Take the lines from the head of the listing through the one bearing "An accomplished engraver" and copy them exactly, leaving every picture out.

Segment Start: Source material

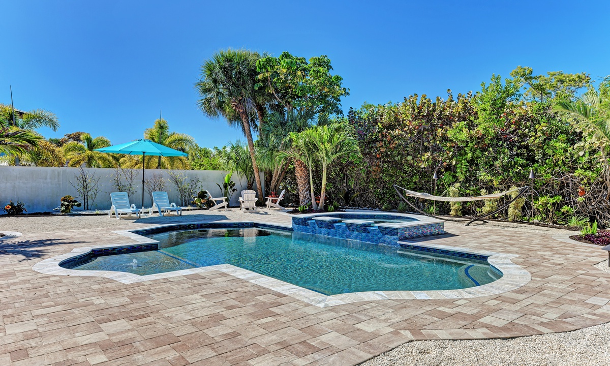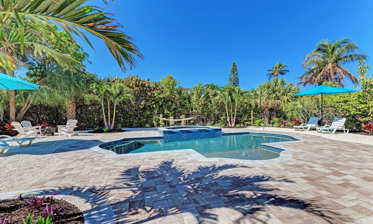 “Sand Dollar Dream” is a magnificent Anna Maria Island vacation home with brand new, private, heated pool and spa that will make your vacation feel truly luxurious! This spacious rental home offers accommodations for up to 8 guests including 4 roomy bedrooms with 1 king bed, 2 queen beds, a set of twin bunk beds, and two full size bathrooms. This home is DOG FRIENDLY, so you can bring up to two dogs that weigh 25lbs, so the entire family is welcome! Also bring your boat or rent one since this home is on a canal with dock and no bridges to the Bay or Gulf. You’ll want to stay forever in this perfectly located Anna Maria City vacation home!
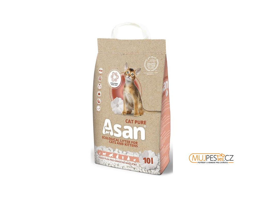 Asan Cat Pure je ekologická podestýlka pro krátkosrsté kočky a fretky s technologií absorpce pachů LAPUR. Nehrudkující stelivo je vhodné pro kočky s tradičními hygienickými návyky. Efektivně absorbuje pachy a prodlužuje tak životnost steliva v toaletě. Stelivo neobsahuje silice, parfémy a přidaná barviva.
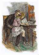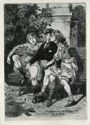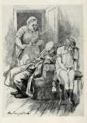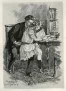 An accomplished engraver with a sharp ironic eye and a whimsical imagination, Maurice François Alfred Martin van Miële is better known by his pseudonym Martin van Maële. His mother, from whom he adopted the name van Maële, was Flemish, and his father, Louis Alfred Martin – himself an engraver and later a teacher at the École des Beaux-Arts in Geneva – was French. Martin van Maële grew up in Boulogne sur Seine near Paris; mostly self-taught, he worked as a freelance illustrator in Paris and Brussels.
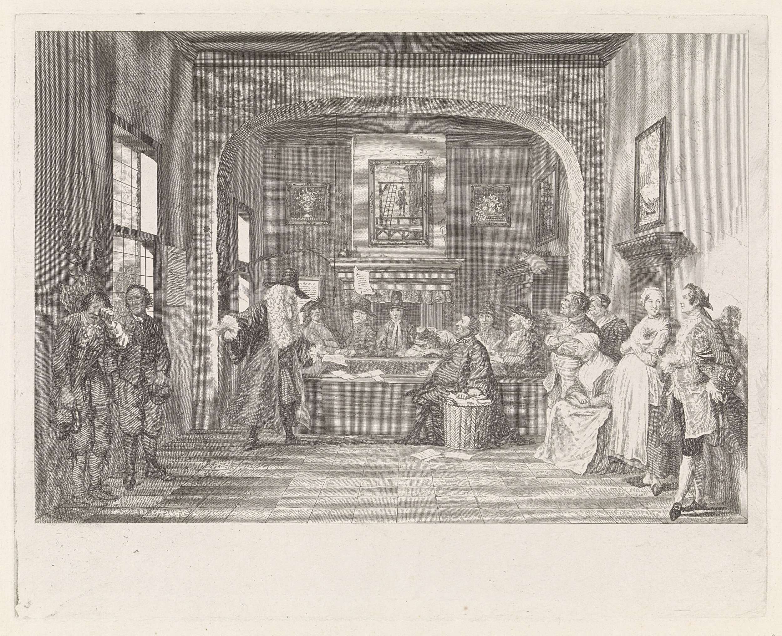Voor de boerenrechtbank van Puiterveen staan links de huilende Fobert en zijn vader en rechts de zwangere Swaantje tussen jonker Jan en haar ouders. Swaantje is bezwangerd door de zoon van de heer van Puijterveen, maar Fobert wordt van deze daad beschuldigd. De corrupte advocaat van Fobert is aan het pleiten, terwijl de advocaat van ...
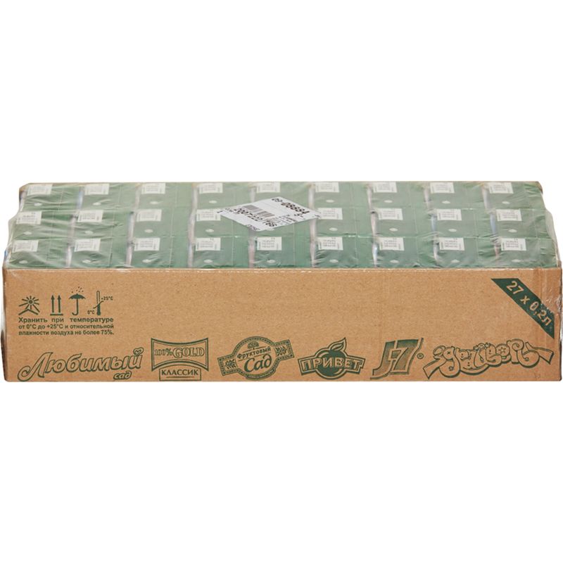 Апельсиновый сок J7 с мякотью, без добавления сахара. Поставляется упаковками, в упаковке 27 штук.
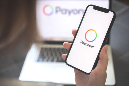 Kharkov, Ukraine - August 12, 2021: New Payoneer app. Woman using smartphone with payoneer banking application. Brand
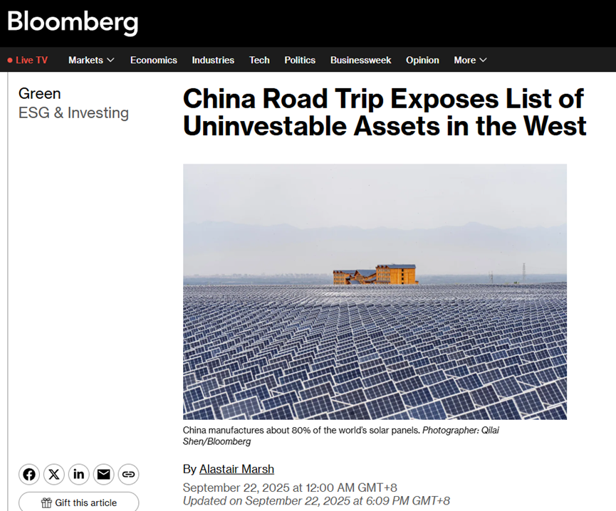 彭博社认为,中国在能源转型中的优势,正让“许多国家”考虑与之建立更紧密的联系。中国如今已是引领地球走向低碳未来的最强劲引擎。
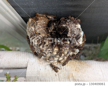 エアコンの室外機にできたフタモンアシナガバチの巣

Segment End: Source material

Exercise solution:
 “Sand Dollar Dream” is a magnificent Anna Maria Island vacation home with brand new, private, heated pool and spa that will make your vacation feel truly luxurious! This spacious rental home offers accommodations for up to 8 guests including 4 roomy bedrooms with 1 king bed, 2 queen beds, a set of twin bunk beds, and two full size bathrooms. This home is DOG FRIENDLY, so you can bring up to two dogs that weigh 25lbs, so the entire family is welcome! Also bring your boat or rent one since this home is on a canal with dock and no bridges to the Bay or Gulf. You’ll want to stay forever in this perfectly located Anna Maria City vacation home!
 Asan Cat Pure je ekologická podestýlka pro krátkosrsté kočky a fretky s technologií absorpce pachů LAPUR. Nehrudkující stelivo je vhodné pro kočky s tradičními hygienickými návyky. Efektivně absorbuje pachy a prodlužuje tak životnost steliva v toaletě. Stelivo neobsahuje silice, parfémy a přidaná barviva.
 An accomplished engraver with a sharp ironic eye and a whimsical imagination, Maurice François Alfred Martin van Miële is better known by his pseudonym Martin van Maële. His mother, from whom he adopted the name van Maële, was Flemish, and his father, Louis Alfred Martin – himself an engraver and later a teacher at the École des Beaux-Arts in Geneva – was French. Martin van Maële grew up in Boulogne sur Seine near Paris; mostly self-taught, he worked as a freelance illustrator in Paris and Brussels.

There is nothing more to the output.